McNemar test and all the variations, is mid-p indeed the best?

After a long search I think I finally got this right, but would like to know for sure. I've been trying to sort out all the variations on the McNemar test. What I've found so far:

McNemar test as proposed by McNemar himself in 1947 uses a chi-square distribution. As such a continuity correction could sometimes be used (either the standard Yates (1934), or Edwards (1948)).
If the number of cells in the diagonal is low (usually below 25) the McNemar test becomes unreliable and an exact test would be preferred. This can either be done using the binomial test, or an F-test. The exact test using the F-distribution is known as Liddell's exact test (1983).
Finally Fagerland, Lydersen & Laake (2013) showed that the best approach might be a mid-p value.

So in conclusion: forget about all the McNemar test and all it's variation, and simply use the mid-p value.
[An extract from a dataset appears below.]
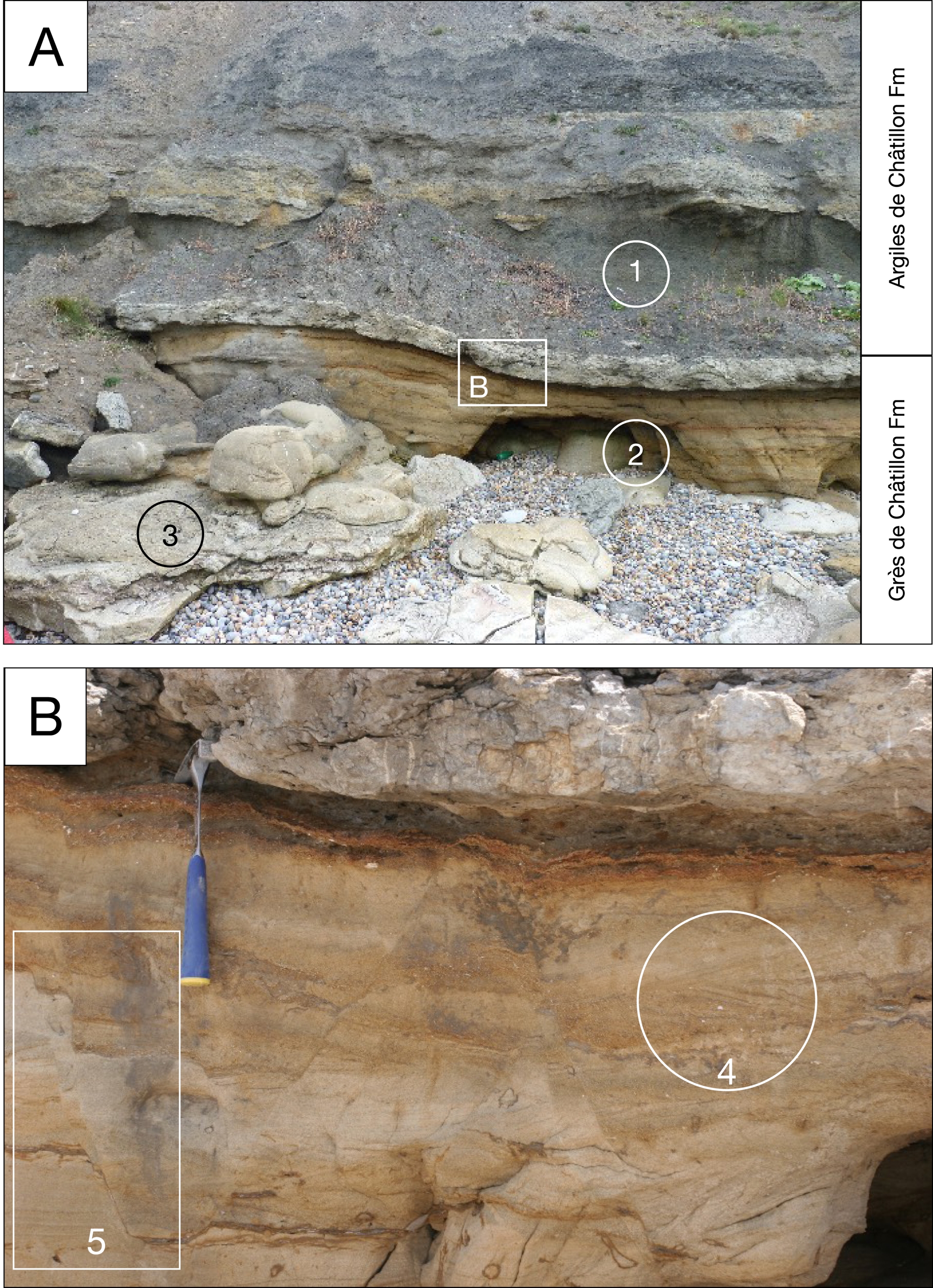 (A) Picture of the basal claystone level of the Argiles de Châtillon Fm. (1), overlying the top part of the Grès de Châtillon. This latter is almost not cemented except for rounded concretions (2 & 3). The whitish level separating the two formations is illustrated with the lower part of (B), together with the orange-color topmost level mentioned in the text, as well as herring bone-like structures (1) and synsedimentary fault (2).

Is my final conclusion correct?

Below are the formula's for each of them.
Given a 2x2 cross table with cells:
a b
c d

Chi-square value of (b - c)^2 / (b + c) and df = 1.
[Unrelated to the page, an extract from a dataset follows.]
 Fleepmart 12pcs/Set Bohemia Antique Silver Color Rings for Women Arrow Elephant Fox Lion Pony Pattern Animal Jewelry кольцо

McNemar with Yates correction:
Chi-square value of (|b - c| - 0.5)^2 / (b + c) and df = 1.

McNemar with Edwards correction:
Chi-square value of (|b - c| - 1)^2 / (b + c) and df = 1.

Binomial exact test:
number of trials is min(b, c), trials = b + c, prob. = 0.5

Liddell's exact test:
F = b/(c + 1), df1 = 2(c + 1), df2 = 2b.

mid-p value:
Exact p-value - combin(b+c, c)*0.5^b*0.5^(n-b)

Most of the above formula's except the Yates corrected and Liddell's exact test can be found on the wikipedia entry:'s_test


Less is more. Stay pure. Stay poor.
I don't think I have ever delve this deep into the concept, but typically exact tests are always preferred. Continuity corrects can be applied at times when null values exist, since some calculations do not work with zeros. I had not heard of mid-p-value (at least I don't recall). Sorry for not providing too much help.

Though, once I got proficient at multiple logistic regression I stopped using these tests, since its approach has many options and can be very flexible (while controlling for greater than one covariate).